* [Collected material]:
+ + + + +
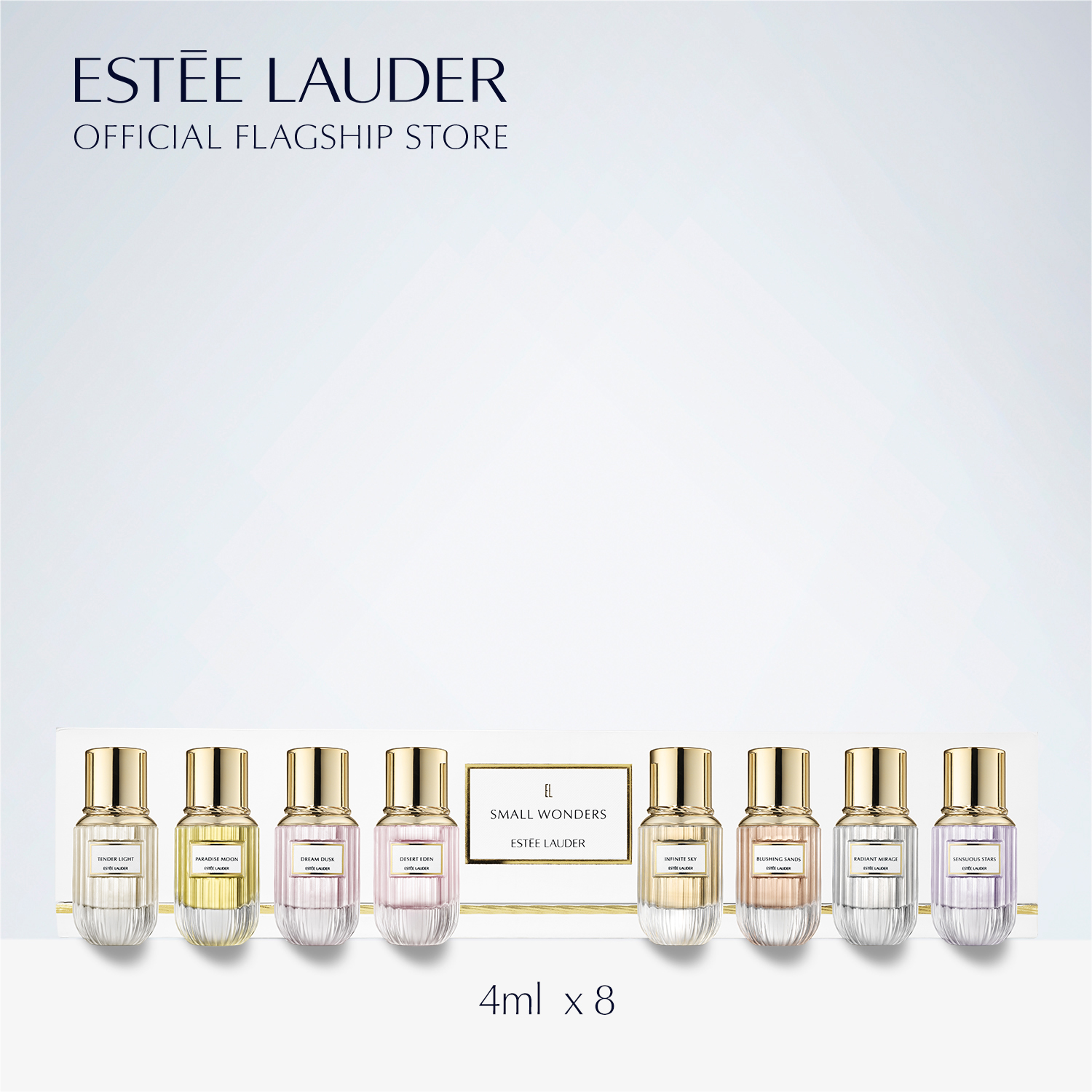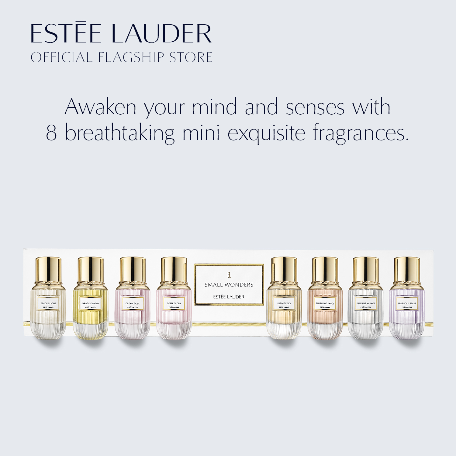 Let your mind imagine them. Let your senses feel them. Discover 8 breathtaking fragrances that capture the beauty of nature and awaken your imagination, to experience undiscovered places fragrance has never taken you before. This exquisite collection includes all 8 fragrances in our Luxury Collection, in Eau de Parfum Deluxe Mini Sprays (4ml each): TENDER LIGHT: Feel the joy and warmth of sunlight and be lifted to a palace of dreams. • Citrus Green: Chinese Tea Accord, Bergamot and Florentine Iris. SENSUOUS STARS: Enjoy the sensual tranquility of a walk under a moonlit sky. • Fruity Chypre: Chinese Plum, Lavender and Orris. DREAM DUSK: Enter a secret garden where flurries of petals lead you from day into night. • Floral Marine: Cherry Blossom, Blackcurrant Buds and Geranium. RADIANT MIRAGE: Follow a timeless road to a new realm of the senses just beyond reach. • White Floral Woody: Jasmine Sambac, Sandalwood and Patchouli. DESERT EDEN: Imagine the moment when the sun’s rays spread over the desert at dawn. • Woody Floral: Sandalwood, Turkish Rose and Olibanum. BLUSHING SANDS: Let your senses lead you in a dream journey across rose-tinted sands. • Woody Vetiver: Vetiver Haiti, Pink Pepper and Musk Accord. PARADISE MOON: Escape to a moonlit forest filled with temptations for the senses. • Leather Floral: Osmanthus, Cistus Oil and Leather Accord. INFINITE SKY: Rise up into a brilliant sunset sky, thrilling your senses with rare beauty. • Amber Spicy: Sichuan Pepper, Madagascar Vanilla and Leatherwood. How To Use Take your mind and your senses on an enchanted journey by spraying onto pulse points, or anywhere you like to wear your fragrance. What it is An exquisite gift set that awakens your mind and your senses with all 8 fragrances in the Estée Lauder Luxury Collection, in Deluxe Mini Sprays.
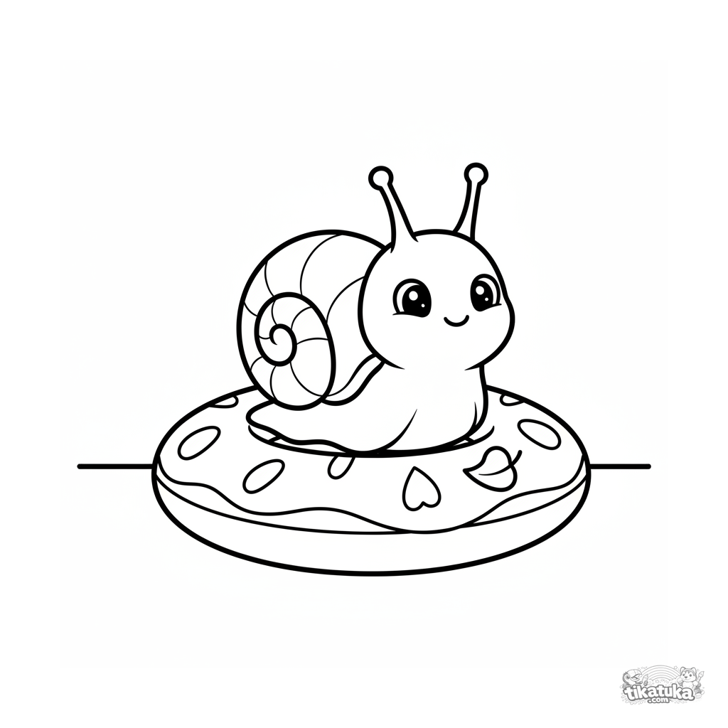 Página muy simple para colorear para niños pequeños de 2-3 años: un caracol sonriente se sienta en un aro inflable en el fondo de la piscina. Formas grandes y claras.
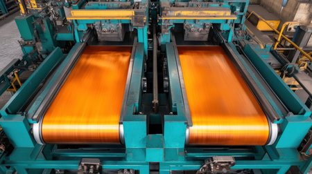 This image showcases the intricate manufacturing process of copper sheets, featuring vibrant orange colors and advanced machinery in an industrial environment.
+ + + + +
* [Assignment]:
Pictures are not part of the copy; transcribe the rest of the data verbatim.

* [Your response]:
 Let your mind imagine them. Let your senses feel them. Discover 8 breathtaking fragrances that capture the beauty of nature and awaken your imagination, to experience undiscovered places fragrance has never taken you before. This exquisite collection includes all 8 fragrances in our Luxury Collection, in Eau de Parfum Deluxe Mini Sprays (4ml each): TENDER LIGHT: Feel the joy and warmth of sunlight and be lifted to a palace of dreams. • Citrus Green: Chinese Tea Accord, Bergamot and Florentine Iris. SENSUOUS STARS: Enjoy the sensual tranquility of a walk under a moonlit sky. • Fruity Chypre: Chinese Plum, Lavender and Orris. DREAM DUSK: Enter a secret garden where flurries of petals lead you from day into night. • Floral Marine: Cherry Blossom, Blackcurrant Buds and Geranium. RADIANT MIRAGE: Follow a timeless road to a new realm of the senses just beyond reach. • White Floral Woody: Jasmine Sambac, Sandalwood and Patchouli. DESERT EDEN: Imagine the moment when the sun’s rays spread over the desert at dawn. • Woody Floral: Sandalwood, Turkish Rose and Olibanum. BLUSHING SANDS: Let your senses lead you in a dream journey across rose-tinted sands. • Woody Vetiver: Vetiver Haiti, Pink Pepper and Musk Accord. PARADISE MOON: Escape to a moonlit forest filled with temptations for the senses. • Leather Floral: Osmanthus, Cistus Oil and Leather Accord. INFINITE SKY: Rise up into a brilliant sunset sky, thrilling your senses with rare beauty. • Amber Spicy: Sichuan Pepper, Madagascar Vanilla and Leatherwood. How To Use Take your mind and your senses on an enchanted journey by spraying onto pulse points, or anywhere you like to wear your fragrance. What it is An exquisite gift set that awakens your mind and your senses with all 8 fragrances in the Estée Lauder Luxury Collection, in Deluxe Mini Sprays.
 Página muy simple para colorear para niños pequeños de 2-3 años: un caracol sonriente se sienta en un aro inflable en el fondo de la piscina. Formas grandes y claras.
 This image showcases the intricate manufacturing process of copper sheets, featuring vibrant orange colors and advanced machinery in an industrial environment.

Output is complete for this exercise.